The safety profile of all investigated active substances proved to be comparable to previous studies. The rate of drug-associated adverse events (drAE) and immune-related AEs was similar among nivolumab compared with pembrolizumab (64.2-63.7% and 33.3-33.8%, respectively). Among patients treated with BRAF/MEK inhibition, the proportion of drAE was 87% in this study. The authors do not provide further details on the nature of the side effects. To find out more about the patient characteristics and tumor characteristics that correlate with a favorable response to anti-PD1 vs BRAF/MEK inhibition as adjuvant therapy regimens, further analyses are planned.

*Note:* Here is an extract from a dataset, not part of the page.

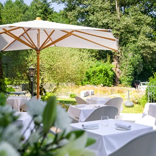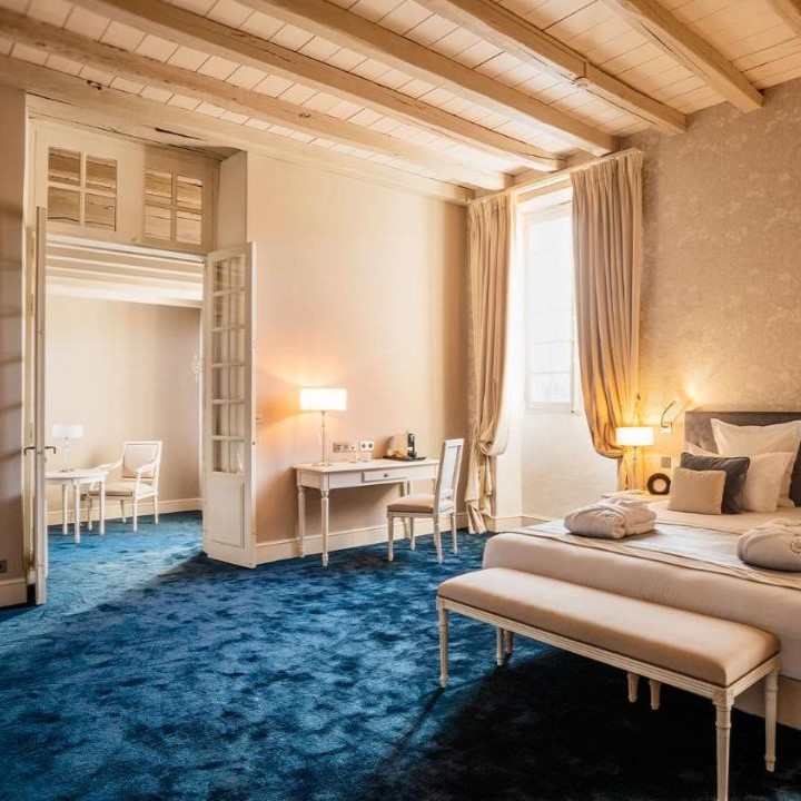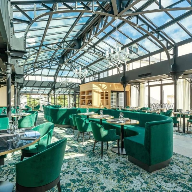 A 13th-century Cistercian abbey outside Nantes retains the soaring archways and sandstone staircases of monastic architecture, now softened by chandeliers and 19 guest rooms in calm earth tones. The greenhouse-style bistro opens onto a circular pool, while bicycles await those exploring the surrounding countryside. The appeal lies in contrast: grand but unadorned spaces designed for silent reflection, adapted with restraint for contemporary luxury travelers seeking stillness and history in equal measure.

Congress: Arbeitsgemeinschaft Dermatologische Forschung 2021

Literature:

1. Lamos C, Hunger RE: Checkpoint inhibitors-indication and use in melanoma patients [Checkpoint inhibitors-indications and application in melanoma patients]. Z Rheumatol 2020;79(8): 818-825.
2. Gershenwald JE, et al; for members of the American Joint Committee on Cancer Melanoma Expert Panel and the International Melanoma Database and Discovery Platform. Melanoma staging: evidence-based changes in the American Joint Committee on Cancer eighth edition cancer staging manual. CA Cancer J Clin 2017; 67(6): 472-492.
3. Weber J, et al: Adjuvant nivolumab versus ipilimumab in resected stage III or IV melanoma. N Engl J Med 2017; 377(19): 1824-1835.
4. Eggermont AMM, et al: Adjuvant pembrolizumab versus placebo in resected stage III melanoma. N Engl J Med 2018; 378(19): 1789-1801.
5. AWMF: S3 Guideline on Diagnosis, Therapy and Follow-up of Melanoma Version 3.3 – July 2020 AWMF Registry Number: 032/024OL
6. Long GV, et al: Adjuvant dabrafenib plus trametinib in stage III BRAF-mutated melanoma. N Engl J Med 2017; 377(19): 1813-1823.
7. Schumann K, et al: P048 Adjuvant melanoma treatment: real-world data from the DACH region, 47th Annual Meeting of the Arbeitsgemeinschaft Dermatologische Forschung (ADF) Virtual, 04.03.-06.03.2021.
8. Schadendorf D, et al: Melanoma. Lancet 2018; 392: 971-984.
9. Arozarena I, Wellbrock C: Overcoming resistance to BRAF inhibitors. Ann Transl Med 2017; 5: 387

DERMATOLOGIE PRAXIS 2021; 31(4): 44-45 (published 8/18-21; ahead of print).